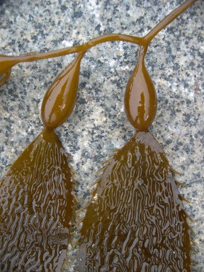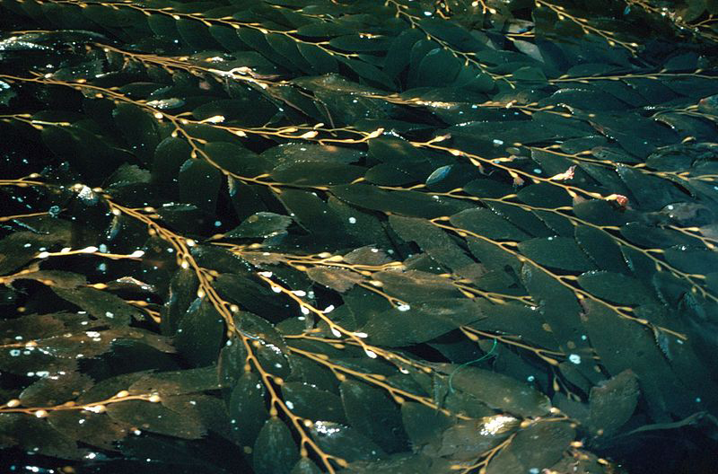 Macrocystis pyrifera, with many common names including Giant kelp, kelp, giant bladder kelp, Pacific kelp and brown kelp is actually a species of kelp (large brown algae), and one of four species in the genus Macrocystis. The plant belongs to the family Laminariaceae, the family of brown algal seaweed. Giant kelp is common along the coast of the eastern Pacific Ocean, from Baja California north to southeast Alaska, and is also found in the southern oceans near South America, South Africa, and Australia. Individual algae may grow to more than 45 meters (148 ft.) long at a rate of as much as 2 feet (61 cm) per day. Giant kelp grows in dense stands known as kelp forests, which are home to many marine animals that depend on the algae for food or shelter. Humans harvest kelp for it is rich in iodine, potassium, and other minerals, but the primary product obtained from giant kelp is alginate. Humans also harvest this species on a limited basis for use directly as food, as it is rich in iodine, potassium, and other minerals. It can be used in cooking in many of the ways other sea vegetables are used, and particularly serves to add flavor to bean dishes.
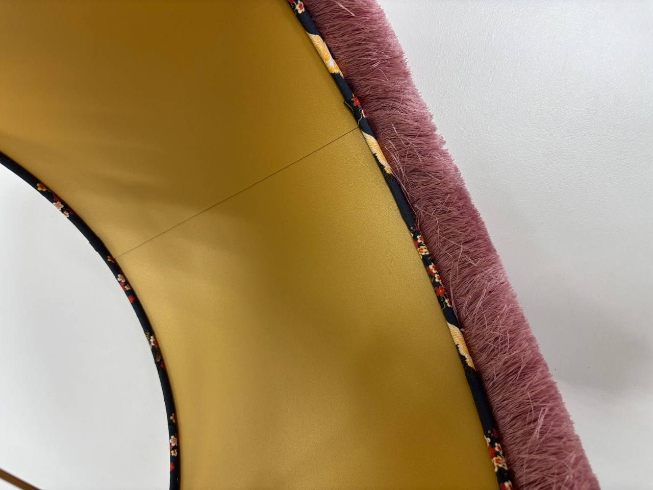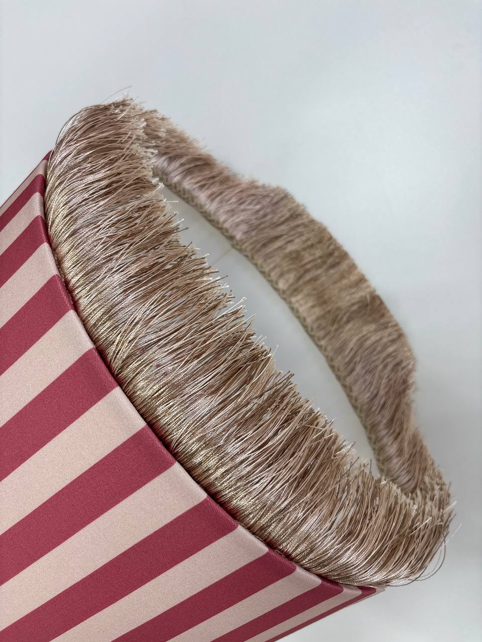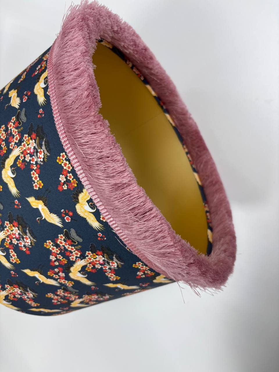 Красивый акцент добавляет розовая бахрома, которая придает абажуру неповторимый шарм и делает его еще более привлекательным.
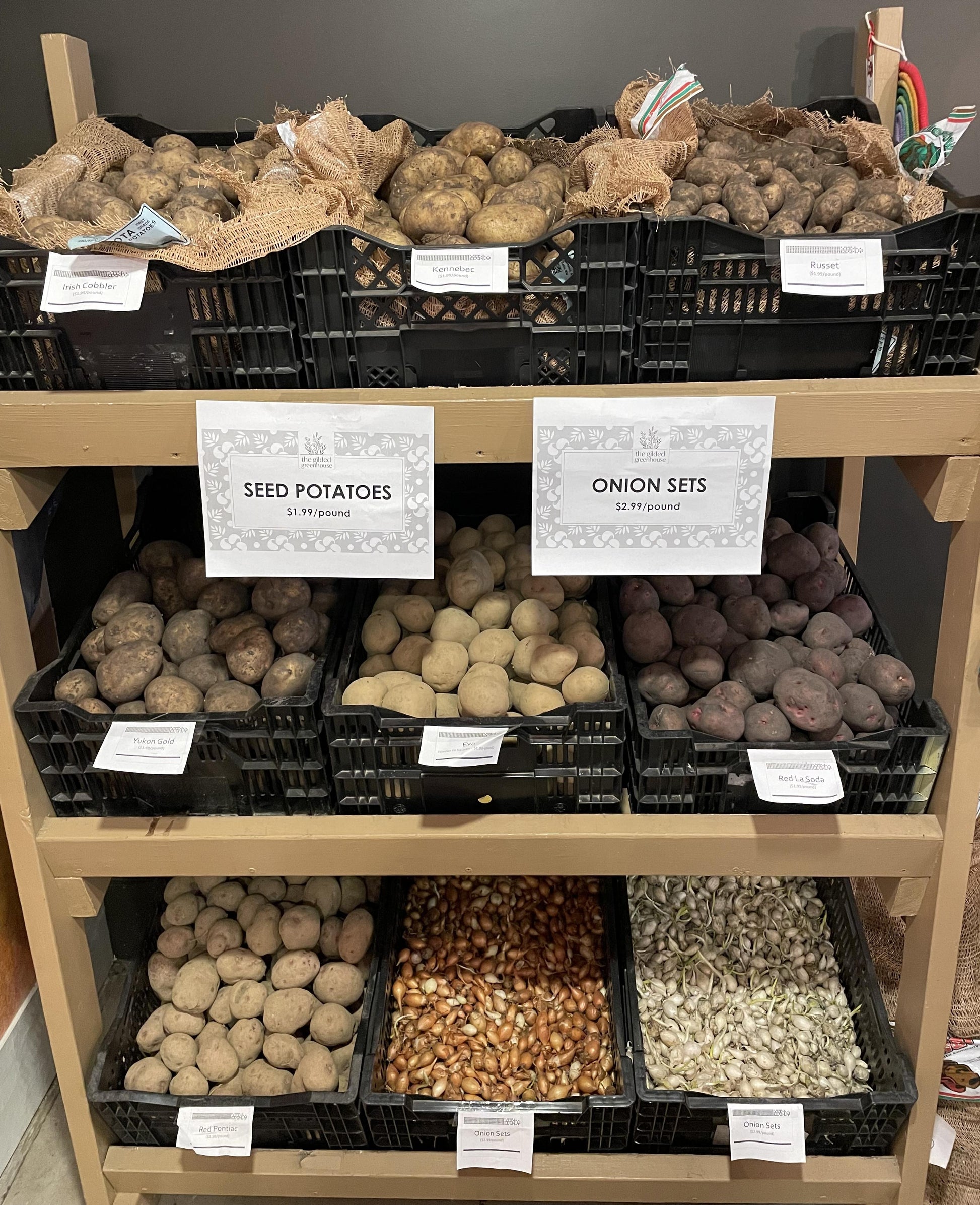 $2.99 per pound. This is a small onion bulb grown from seed the year before. Brought in the fall and stored over winter. Push onion bulbs into soil about 1" deep and hill the soil as they grow. Yellow are best for storage, great for early green onions and cooking.
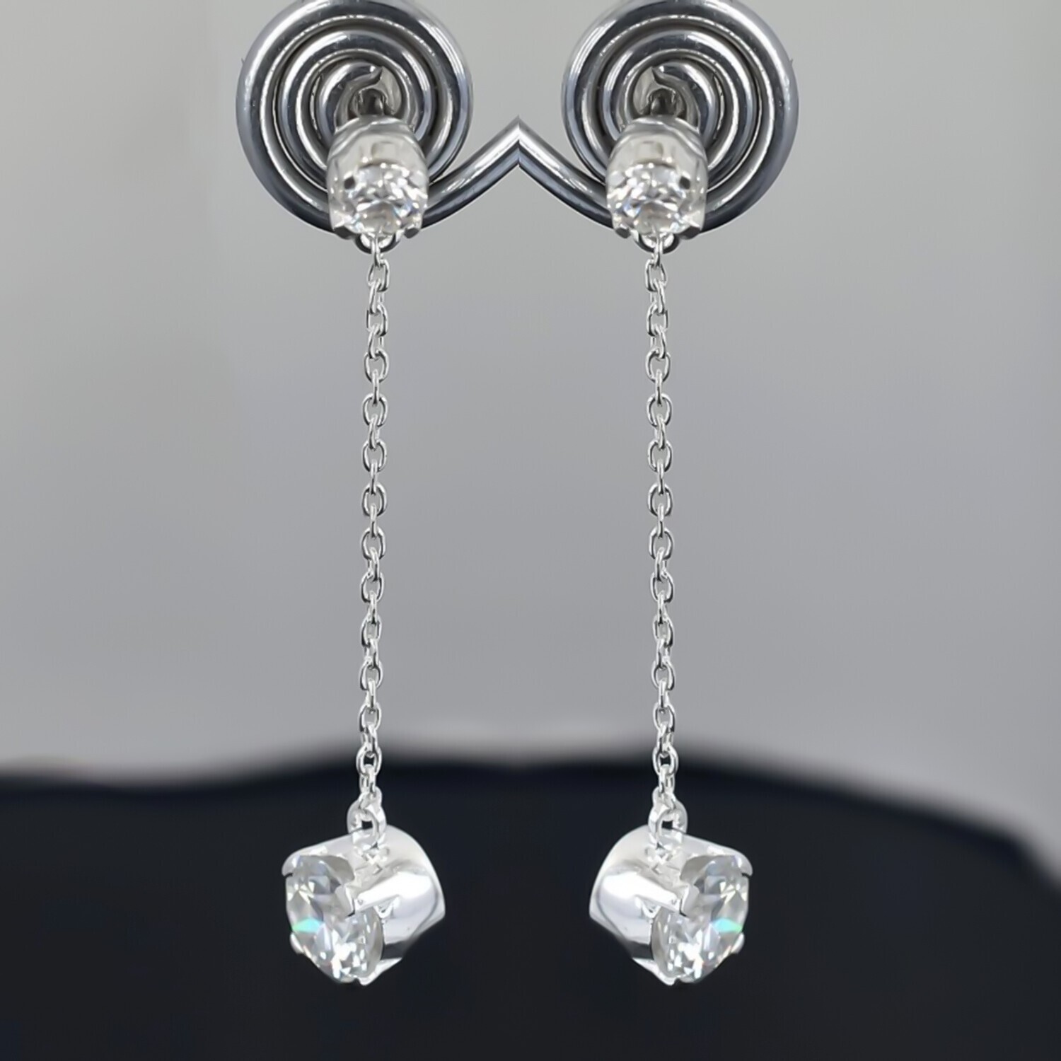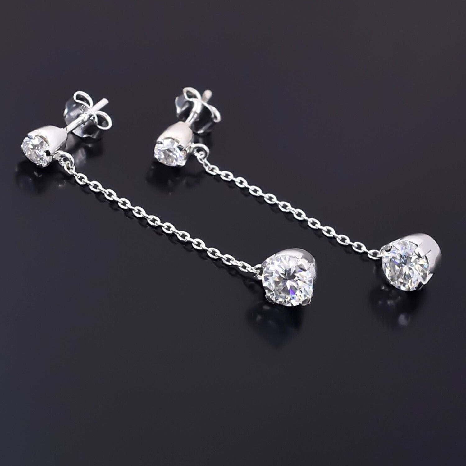 $ 72.124 Ct Certified White Diamond Solitaire Dangler Earrings In 925 Sterling Silver
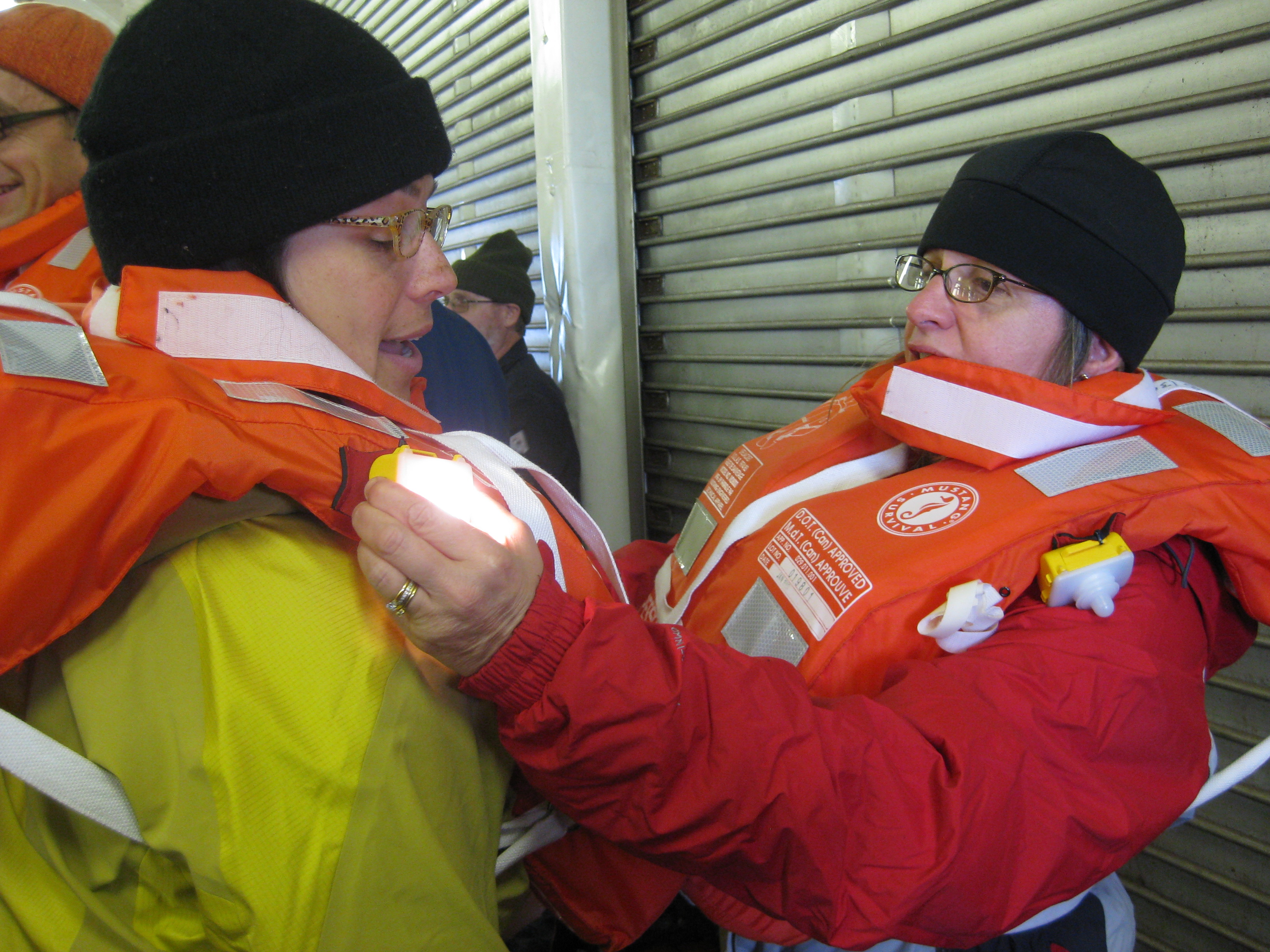Gerty Ward checks the water activated light on Alice Orlich's life vest. They are dressed for the extreme cold, even for a drill. Aboard the Canadian Coast Guard icebreaker Louis S. St-Laurent, on the Beaufort Sea.
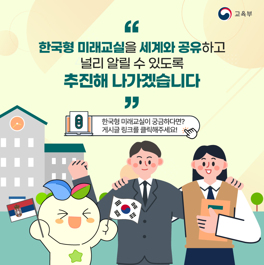#교육부 #미래교실 #한국형미래교실 #세르비아 #교실 #시범교실 #첨단교실 #미래인재육성 #학생 #교육정보화 #창의력 #국제교류학습능력 #온라인연수 #화상교류
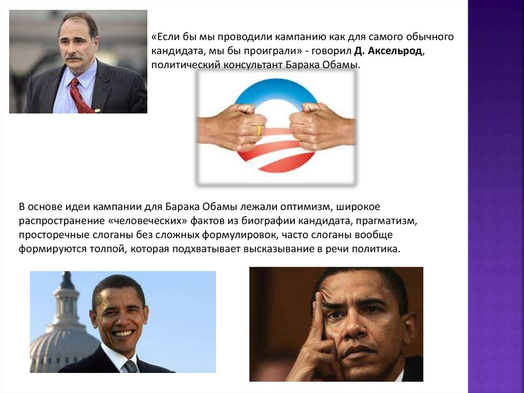 «Если бы мы проводили кампанию как для самого обычногокандидата, мы бы проиграли» - говорил Д. Аксельрод,
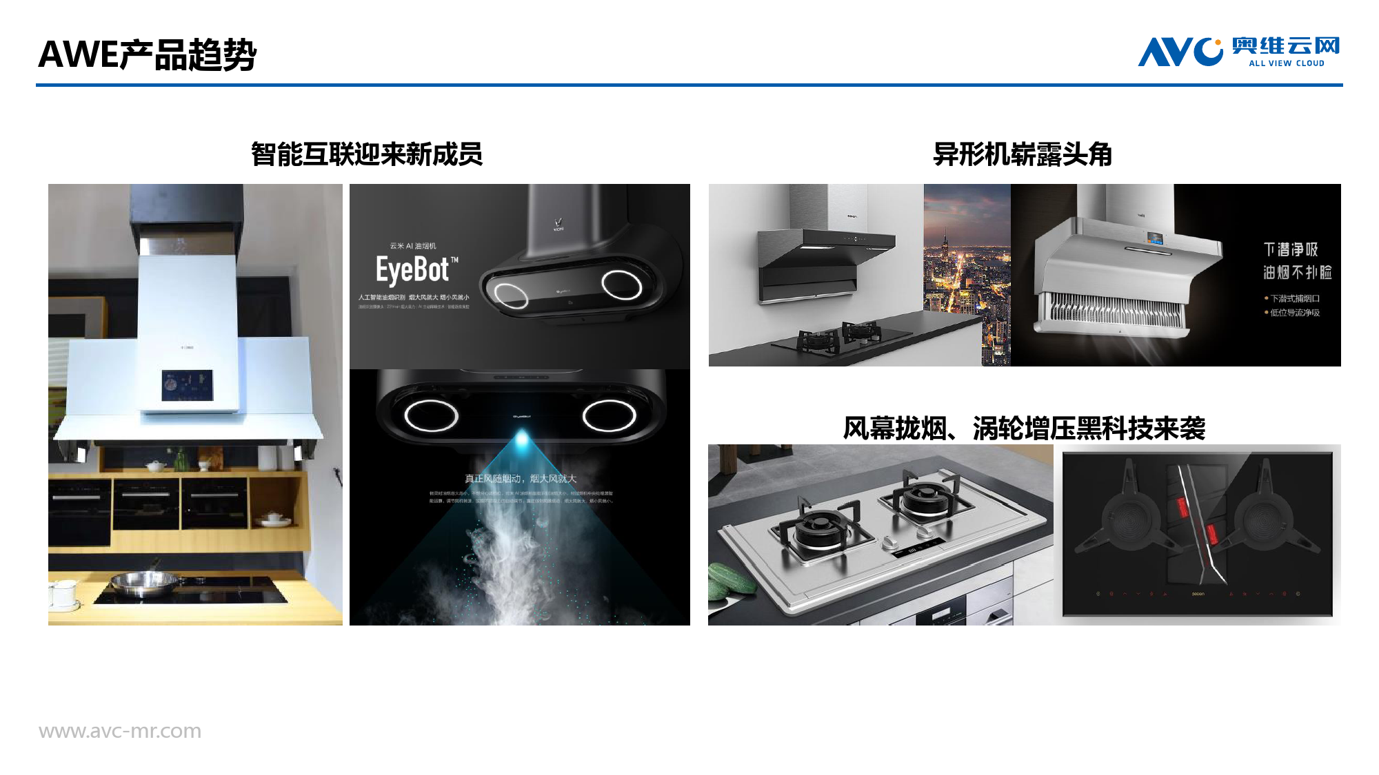 产品趋势:近吸式产品由于外形设计多样化,进一步受到消费者青睐,市场份额显著增长。排风量依然是各品牌军备竞赛的主要指标。AWE上异形机悉数亮相,或掀起一轮新设计浪潮。

:: PROBLEM DETAILS ::
Without the pictures, print all of the records exactly.

:: EXERCISE ANSWER ::
 Macrocystis pyrifera, with many common names including Giant kelp, kelp, giant bladder kelp, Pacific kelp and brown kelp is actually a species of kelp (large brown algae), and one of four species in the genus Macrocystis. The plant belongs to the family Laminariaceae, the family of brown algal seaweed. Giant kelp is common along the coast of the eastern Pacific Ocean, from Baja California north to southeast Alaska, and is also found in the southern oceans near South America, South Africa, and Australia. Individual algae may grow to more than 45 meters (148 ft.) long at a rate of as much as 2 feet (61 cm) per day. Giant kelp grows in dense stands known as kelp forests, which are home to many marine animals that depend on the algae for food or shelter. Humans harvest kelp for it is rich in iodine, potassium, and other minerals, but the primary product obtained from giant kelp is alginate. Humans also harvest this species on a limited basis for use directly as food, as it is rich in iodine, potassium, and other minerals. It can be used in cooking in many of the ways other sea vegetables are used, and particularly serves to add flavor to bean dishes.
 Красивый акцент добавляет розовая бахрома, которая придает абажуру неповторимый шарм и делает его еще более привлекательным.
 $2.99 per pound. This is a small onion bulb grown from seed the year before. Brought in the fall and stored over winter. Push onion bulbs into soil about 1" deep and hill the soil as they grow. Yellow are best for storage, great for early green onions and cooking.
 $ 72.124 Ct Certified White Diamond Solitaire Dangler Earrings In 925 Sterling Silver
Gerty Ward checks the water activated light on Alice Orlich's life vest. They are dressed for the extreme cold, even for a drill. Aboard the Canadian Coast Guard icebreaker Louis S. St-Laurent, on the Beaufort Sea.
#교육부 #미래교실 #한국형미래교실 #세르비아 #교실 #시범교실 #첨단교실 #미래인재육성 #학생 #교육정보화 #창의력 #국제교류학습능력 #온라인연수 #화상교류
 «Если бы мы проводили кампанию как для самого обычногокандидата, мы бы проиграли» - говорил Д. Аксельрод,
 产品趋势:近吸式产品由于外形设计多样化,进一步受到消费者青睐,市场份额显著增长。排风量依然是各品牌军备竞赛的主要指标。AWE上异形机悉数亮相,或掀起一轮新设计浪潮。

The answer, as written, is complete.